EXERCISE AIM
Exact transcription, pictures omitted: reproduce the listing below.

THE DATA
---+---

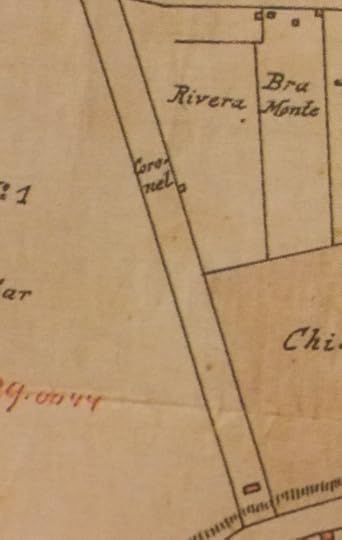 Pondremos la lupa en una zona específica. Se trata del sector comprendido por las actuales Santa Fe, Austria, Las Heras y Scalabrini Ortiz. Los propietarios de quintas de esos terrenos relevados por el agrimensor italiano fueron los señores Sar, Rivera, Coronel, Bracamonte, Marcó Lon, Holemberg, Vidal y Chichipía. La quinta más pequeña ocupaba un rectángulo muy angosto y pertenecía a la familia Coronel. El rectángulo era el terreno que hoy ocupa la avenida Coronel Díaz.
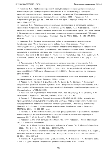 8. Никитина Т. А. Произведения региональных композиторов в репертуаре хоровых коллективов Алтайского края / Т. А. Никитина; рук. работы И. А. Жерносенко. - Текст: непосредственный // Инновационные технологии в гуманитарной сфере: сб. науч. статей X Междунар. науч.-практ. конф. молодых ученых, аспирантов и соискателей (25 февр. 2022 г.) / Алт. гос. ин-т культуры. - Барнаул: Изд-во АГИК, 2022. - С. 186-194. EDN: KGNIRJ
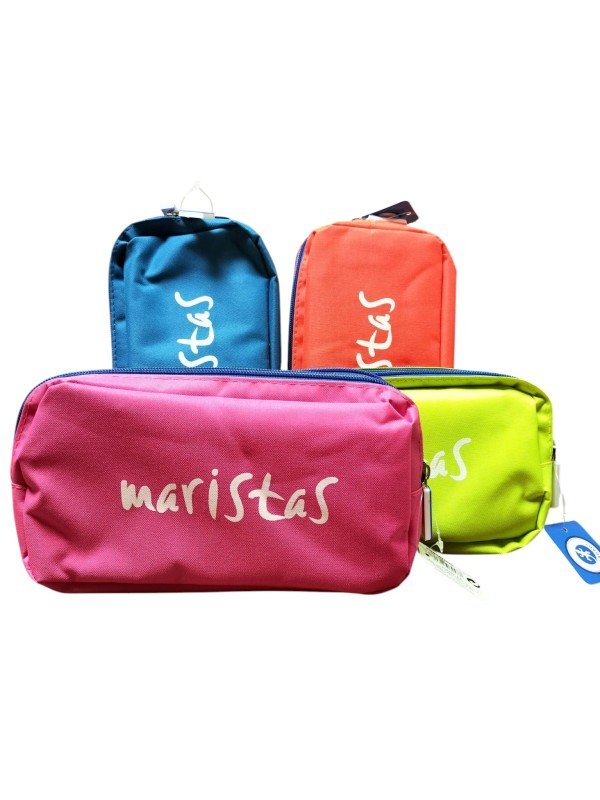 Estuche escolar de dos cremalleras con la palabra “maristas” serigrafiada. De gran capacidad, dispone de dos compartimentos para guardar el material escolar. Disponible en varios colores.

---+---

TASK ANSWER
 Pondremos la lupa en una zona específica. Se trata del sector comprendido por las actuales Santa Fe, Austria, Las Heras y Scalabrini Ortiz. Los propietarios de quintas de esos terrenos relevados por el agrimensor italiano fueron los señores Sar, Rivera, Coronel, Bracamonte, Marcó Lon, Holemberg, Vidal y Chichipía. La quinta más pequeña ocupaba un rectángulo muy angosto y pertenecía a la familia Coronel. El rectángulo era el terreno que hoy ocupa la avenida Coronel Díaz.
 8. Никитина Т. А. Произведения региональных композиторов в репертуаре хоровых коллективов Алтайского края / Т. А. Никитина; рук. работы И. А. Жерносенко. - Текст: непосредственный // Инновационные технологии в гуманитарной сфере: сб. науч. статей X Междунар. науч.-практ. конф. молодых ученых, аспирантов и соискателей (25 февр. 2022 г.) / Алт. гос. ин-т культуры. - Барнаул: Изд-во АГИК, 2022. - С. 186-194. EDN: KGNIRJ
 Estuche escolar de dos cremalleras con la palabra “maristas” serigrafiada. De gran capacidad, dispone de dos compartimentos para guardar el material escolar. Disponible en varios colores.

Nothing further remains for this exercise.